Missing Rainier climbers 'likely buried'

Sunday, June 1, 2014

photo Six climbers missing on Mount Rainier are presumed dead after helicopters detected pings from emergency beacons buried in the snow thousands of feet below their last known location, a national park official said Saturday on May 31, 2014. This photo provided by the National Parks Service, shows the Liberty Ridge Area of Mount Rainier as viewed from the Carbon Glacier in Washington state.

MOUNT RAINIER NATIONAL PARK, Wash. - Two Seattle-based climbing guides and four clients set out Monday to summit Mount Rainier in Washington state, following one of the most technical and physically grueling routes to the peak.

They were last heard from Wednesday at 6 p.m. when the guides checked in with their company, Alpine Ascents International, by satellite phone.
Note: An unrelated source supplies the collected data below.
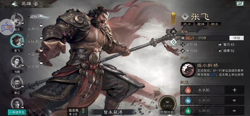 第三个为大家推荐的就是张飞,张飞的效果目前是很适合放在前排的,这个角色他本身就算是没有培养,基础的血量都是要比其他武将高出一点的,而且在防御数值上面有很大的上限可以提升起来,一般来说,他在前排的话,抵挡住敌人火力的时间还是比较久的,而且他可以带来一定的嘲讽技能,影响到敌人,如果敌人是想要攻击我方的一些脆皮角色,他的这个嘲讽就可以直接将对面的输出拉到他的身上来,这样他就可以扛起来整个队伍的伤害,让后排的输出角色可以尽情的释放自己的核心输出技能,除了他的硬抗效果之外,控制大家也是可以用一下的,因为他的技能里面控制效果也有,可以让敌人短时间之内无法行动,所以后期如果大家为他升星的话,绝对是非常好用的一个肉盾角色。
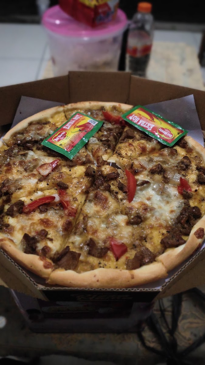 Delicious pizza with affordable price in Bojonegoro My fav's their meat lover
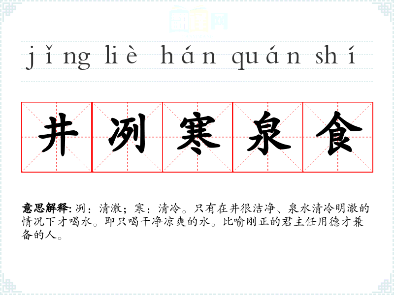| 井冽寒泉食 | 冽:清澈;寒:清冷。只有在井很洁净、泉水清冷明澈的情况下才喝水。即只喝干净凉爽的水。比喻刚正的君主任用德才兼备的人。 |

The group failed to return Friday as planned.

Park officials believe the group fell 3,300 feet from their last known whereabouts at 12,800 feet on Liberty Ridge. They are presumed to be dead in one of the worst alpine accidents on the mountain in decades.

Glenn Kessler, the park's acting aviation manager, said "they are most likely buried," making recovery efforts even more challenging. They may be in an area too hazardous for rescuers to reach on the ground.

"We will likely fly over something this week if we have an aircraft," to monitor the situation, he said.

It's unclear whether the climbers were moving or camping at the time of the accident, park spokeswoman Patti Wold said. Searchers located camping and climbing gear and detected signals from avalanche beacons buried in the snow thousands of feet below their last known location.

"It's such a dynamic environment. You can have world-class climbers up there and they can't control the environment," Wold said.

It's also not known what caused the climbers to fall, whether it was rock fall or an avalanche.

Park officials said they expected to release the names of those who died later on Sunday. Meanwhile, family and friends of the dead climbers arrived at the mountain Sunday to meet with park officials.

"They're just devastated," Wold said.

Continuous ice fall and rock fall make the avalanche-prone area too dangerous for rescuers, and there are no immediate plans to recover the bodies, Wold said.

Like others who have died on the mountain, there's also a possibility they may never be found, park officials said.

The area will be checked periodically by air in the coming weeks and months, she said. They'll also evaluate the potential for a helicopter-based recovery as snow melts and conditions change.

Last year, about 10,800 people attempted to climb the 14,410-foot glaciated peak southeast of Seattle, but only 129 used the Liberty Ridge route, according to park statistics. The vast majority use two other popular routes, the Disappointment Cleaver and Emmons.

Though the main climbing season for those popular routes is just starting, this is the season for the Liberty Ridge route, said Kessler, who is a former park climbing ranger.

Rob Mahaney told The Associated Press that his 26-year-old nephew, Mark Mahaney, of St. Paul, Minnesota, was among those presumed dead. He said the climber's father and brother flew to Seattle on Saturday after learning what happened.

Mahaney said his nephew had climbed Rainier before.

"He just loved to climb, he loved the outdoors, he loved the exhilaration of being in the wide-open," Rob Mahaney said. "Even as a toddler he was always climbing out of his crib. His parents couldn't keep him anywhere - he'd always find a way to get out of anything."

Gordon Janow, director of programs for Alpine Ascents International, said the group was on a five-day climb of the Liberty Ridge route.

The climbers had to meet certain prerequisites, and their ice and technical climbing skills as well as their biography were evaluated by a three-person team, Janow said.

The company's brochure says, at a minimum, those interested in the guided climb were required to be able to physically carry a 50-pound backpack on steep snow and icy slopes, ranging from 30 to 50 degrees in slope. "You need to be in the best shape of your life," the brochure reads.

The guiding service lost five Nepalese guides in a deadly avalanche on Mount Everest in April. The avalanche that swept down a climbing route on the world's highest peak killed 16 Sherpa guides.

"It's devastating, it's emotionally draining, it's trying to make sense of it all," Janow said of the tragedies.

The loss of life on Rainier would be among the deadliest climbing accidents on the mountain. In 1981, 11 people were killed during a guided climb when they were struck by a massive ice fall on Rainier's Ingraham Glacier.